Gap between large-scale job loss and job gain closes
Announced job creation in large-scale restructuring cases balanced announced job losses in the first six months of 2014 for the first time since before the start of the global economic crisis in 2008. The convergence reflects improving labour market conditions and is mainly down to a steady decline in job destruction since the second half of 2012.
This information comes from Eurofound’s European Restructuring Monitor (ERM), which records restructurings involving the loss or creation of 100-plus jobs announced in the media across Europe.
Its annual report for 2014, just published, describes developments from the first quarter of 2013 to the second quarter of 2014 inclusive. Over this total period, announced job loss outstripped announced job gain: 481,000 jobs were lost while 298,000 new jobs were created.
Manufacturing accounts for most announced job losses and job gains in the database, partly because manufacturing firms tend to be big and so are more likely to meet the threshold for inclusion. The share of manufacturing in the database has tended to decrease since its launch in 2002, in particular as regards announced job creation, which demonstrates its diminishing share of overall employment. Around one in six European jobs is now in manufacturing compared with one in four in 1980.
EU-LFS data show that within manufacturing, job losses have been most severe (losing more than 15% of employment) in basic, low-tech subsectors such as basic metals, textiles, clothing and leather, and wood, paper and printing. Machinery, food and beverages, and pharmaceuticals suffered more modest employment declines (losing less than 5%).
The retail sector makes up an increasing proportion of announced job loss. Retail has been undergoing intensive restructuring activity since 2008 as consumption patterns shift away from established supermarket chains to mass market discount retailers. A combination of market forces, narrow margins and cross-border competition has seen the collapse of some major established retailers such as Woolworths, Arcandor and Dayli and the rapid rise of groups such as Aldi, Lidl and Ikea. The overall outcome for employment has been a net loss of some one million retail jobs (just over 3% of sector employment) since 2008.

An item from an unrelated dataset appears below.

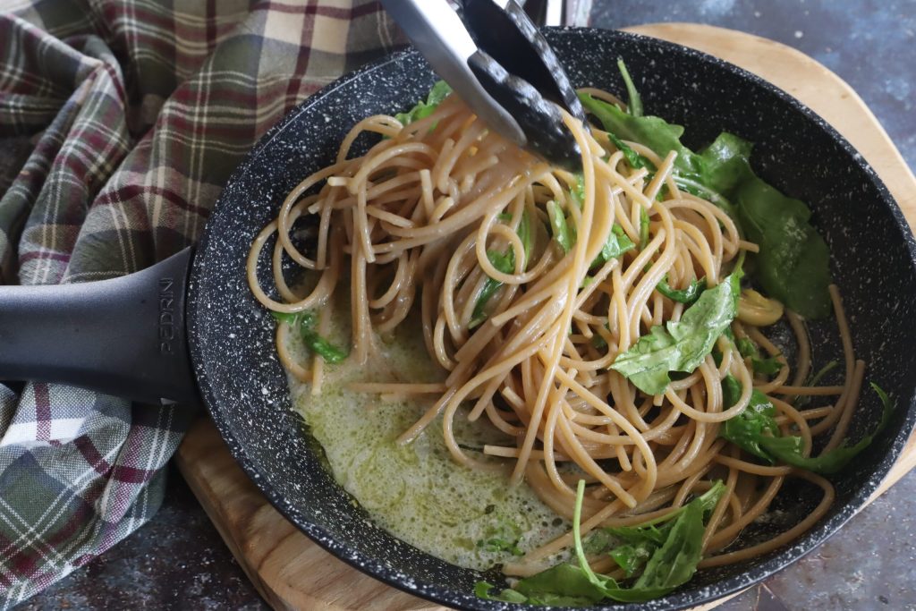 • E aqui estão eles, prontos e perfumados, os spaghetti rúcula e gorgonzola.
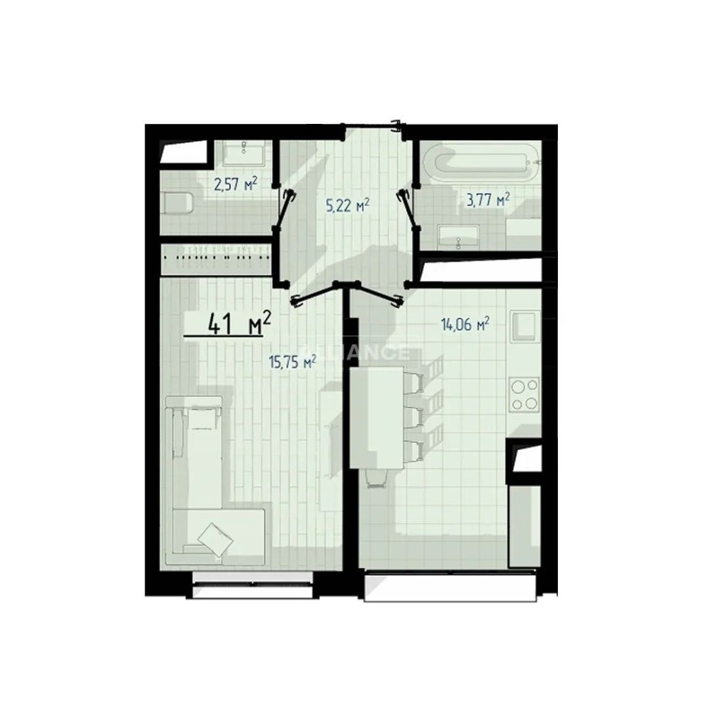 • Загальна площа 41 м2

Public administration is another sector where large job losses have been announced in the past few years, occurring mainly in 2011–2012, coinciding with austerity-driven cutbacks in many Member States. There was also a significant increase in the share of job losses announced in financial services in 2013–2014, which could be a delayed reaction to the troubles experienced by the sector during the global financial crisis.
Employment growth has occurred mainly in the service sectors, both in high-skilled services and also in predominantly low-skilled residential care activities.
A striking change in the employment landscape since the crisis has been a fall in full-time permanent jobs, even in the public sector; new jobs are increasingly likely to be part time. Part-time employment in the EU has increased by more than 10% since the crisis began, in the same period as full-time employment decreased by 5%.
This development has negative implications for job quality, as part-time work generally offers lower pay and fewer entitlements. It also implies that real labour inputs (in full-time equivalent terms) have declined by even more than the overall figure for net job loss in the EU since 2008 – six million – suggests.
The ERM annual report 2014 also includes an analysis of flows out of employment over a decade, to map why people left employment, and explores the rapid transformation of the public sector in Europe since 2008.
Factsheets on individual restructuring events in the ERM are also available.